UNA LÍRICA DEL AYER Y DEL HOY

A pesar de las frecuentes referencias culturales, a pesar de su dandismo hedonista, esteticista y decadente, al refinamiento aristocratizante y suntuario del clima de tantas de sus escenas, esta poesía también incorpora el actual latido de la calle y no se ahoga en la atmósfera sofocante de sus interiores lujosos, y esos otros tantos artísticos elementos decorativos y referencias nobiliarias que pueblan sus poemas (que nos parecen y son de otro tiempo, ajeno al nuestro, de un muy añejo «fin de siècle» decimonónico), pero hagamos constar que todo ello no responde a una mera pose o moda literaria, sino que es connatural a la personalidad de nuestro poeta, al elegante desengaño y a las no extintas ansias de placer y libertad de quien ya está de vuelta de todo y no le importa ponerse el mundo por montera, al margen ya de vanidades, y más aún de las literarias, sólo a la búsqueda del amor o el placer y entregado a agotar los últimos tragos de la vida, incluso con el más ocasional y mercenario amor callejero; eso sí, con el recuerdo elegíaco, pero noblemente contenido, de ciertos momentos y rostros memorables que le acompañarán hasta sus últimos momentos, rodeado de todos sus recuerdos, y que serán la justificación de toda una vida.

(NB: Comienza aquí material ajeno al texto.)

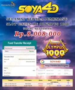 Selamat kepada User id : MON**** Telah berhasil mendapatkan kemenangan besar pada permainan SLOT GATES OF OLYMPUS 1000 Dengan kemenangan Sebesar Rp.8.008.000.-,Setelah mengisi formulir withdraw dengan kurung waktu hanya 1 – 10 menit pihak SOYA 4D sudah melakukan transfer kepada pemiliknya dan dana sudah masuk ke rekeNing id tersebut oleh pemenang. Bukti pembayaran yang kami berikan merupakan bukti pembayaran yang SAH / VALID yang langsung di dapatkan melalui tanda transfer transaksi berhasil dari Bank yang di tuju.
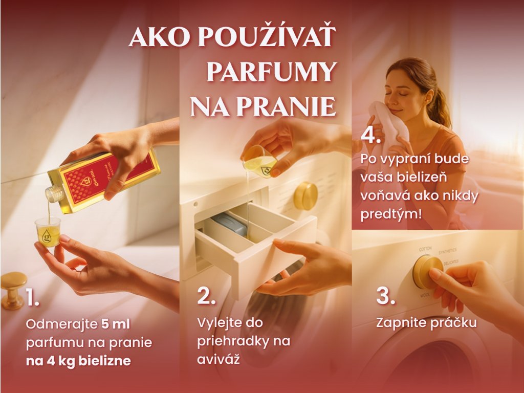 Použitie: Nalejte 7 ml koncentrátu do nádoby na aviváž. Toto množstvo predstavuje jednu dávku pre 4 kg bielizne. Koncentrát sa neriedi. Na dávkovanie môžete použiť vrchnáčik z parfému Giovani®, ktorý zodpovedá 4 ml, odporúčame aplikovať 2 dávky vrchnáčiku. Pre komfortné dávkovanie si môžete zakúpiť odmerku s naším logom alebo dávkovaciu pumpičku. Stačí použiť malé množstvo parfému a vaša bielizeň bude dokonale voňavá!
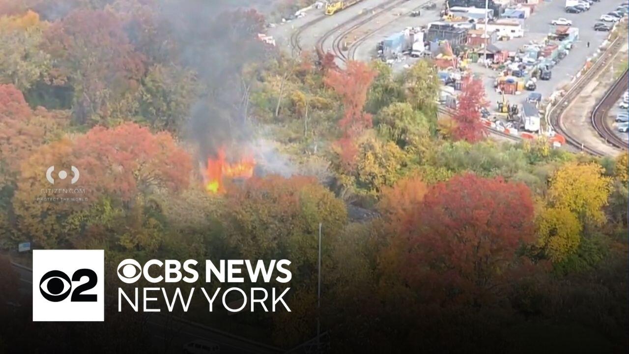 Brush fire near Grand Central Parkway backs up traffic
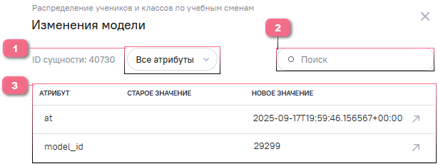 Пользователь Системы при наличии у него права на просмотр, редактирование и администрирование модели может посмотреть историю изменений по сущностям выбранного объекта. Такое право он по умолчанию получает на созданные им модели.
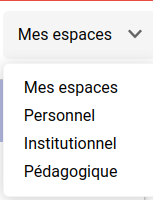 Le bouton Nouveau permet de créer un espace personnel. Voir section ‘Créer un espace’.
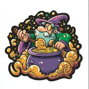 «sticker design, hand-drawn wizard brewing coffee in a cauldron,...»
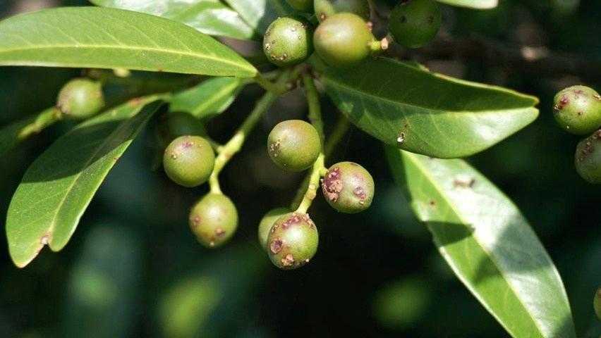 Инфекция вызывает высыхание листвы, которая не опадает, оставаясь на побегах. Распространяется на все части растения. Кора трескается, выделяя камедь, цветы увядают.
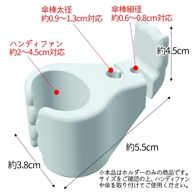 | 取り付けサイズ | (傘棒取り付け部分) 細径/約6〜8mm対応 太径/約9〜13mm対応 (ハンディファン取り付け部分) 約20〜45mm対応 |
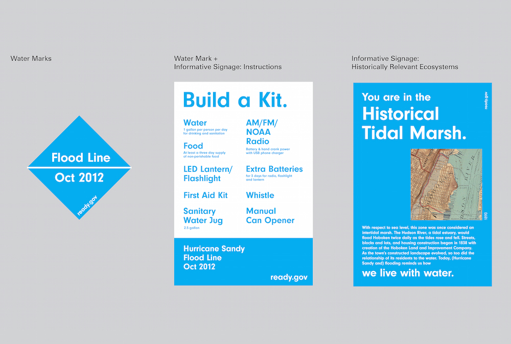 Initiated by the Rockefeller Foundation in coordination with municipal and national initiatives, RBD has brought together architects, urbanists, engineers, marine ecologists, climate scientists, and economists to propose a new approach to design in the age of extreme weather. The projects assembled by RBD unanimously eschew any radical transformations to the physical spaces of Greater New York City. And while they tend toward regional plans, the strategies of RBD actually operate at a much finer grain. Appearing to promote agency rather than heavy-handed design, what the projects seem to consist in are largely “reclaimed” spaces at the interface of land and water, appropriated by the bodies who inhabit them—shoppers at a local market, families playing on docks, tai chi under the freeway—all of which seem to accentuate the everyday behaviors of individuals. We find urbanism takes on a pedagogical capacity: citizens are now constantly informed about the risks of flood and the local histories of climate catastrophe within the city. Signs, placards, and public institutions distributed throughout the city serve as signposts for a new cult of crisis to establish itself in the metropolitan consciousness. The spaces of RBD are evidently “smart” spaces, with cybernetic technologies coordinating a new sense of public exchange: Citi Bike stands couple real-time hurricane and flood information with public Wi-Fi hotspots and cellphone charging stations; news kiosks distribute “Flood Risk” flyers; and smartphones are equipped with flood-risk apps, all of which will assure the widespread integration of a new public knowledge of climate emergency and its spatio-social management. In fact, it was observed that the process of design itself should play an “essential role” in “educating the civic partners about issues related to resiliency.”9 These strategies, all made evident in renderings, drawings, and diagrams from RBD proposals, and further elaborated in their project descriptions, make the integration of smart city technologies more overt while at the same time departing from any familiar and childish infographics typical of smart city representations. In the final round of RBD, several of the winning proposals suggested that, through the use of distributed Internet and Communications Technology (ICT) infrastructures, new feedback loops of data relevant for government, first responders, insurance companies, and the general population could be created to streamline the management of emergency situations in both immediate (first responders)10 and long-term time scales (recalibration of risk by insurance companies).11

Pocos libros podremos encontrar en el actual parnaso español como ‘La antesala’, porque también pocas personalidades poéticas tan auténticas y arriesgadas, y, a la vez, tan artificiosas y refinadas como nuestro protagonista, pocas personalidades tan aparentemente «literarias», pero también tan de verdad, de «su» verdad, hasta sus postreros momentos.  

Verdad que lleva hasta sus últimos libros, de posmoderna poesía urbana, de explícita y descarada sensualidad homoerótica, que remata con un quiebro inesperado la complejidad de la obra de este esteta, gustador de todos los alimentos terrenales, que en su desatada poesía de senectud, fuertemente satírica e incluso autoburlesca, desde sus pergaminos heráldicos y sus genealogías principescas, baja hasta la calle, al latido actual de la gran ciudad, en busca de los placeres más o menos prohibidos y los adonis mercenarios que le salen al paso, en un intento desesperado de recobrar una imposible juventud y agotar los últimos sorbos de la vida. Títulos como ‘El canto de las arpías’, ‘Rollers’ y ‘Rodolfo el patinador, o el ocaso de los dioses’ nos darán una nueva visión de esta poesía llena ahora de humor, de desplantes sociales e incluso de una inteligente autoironía por parte de este nuevo Julio Aumente lanzado con su chupa de cuero a la aventura y los placeres de la noche.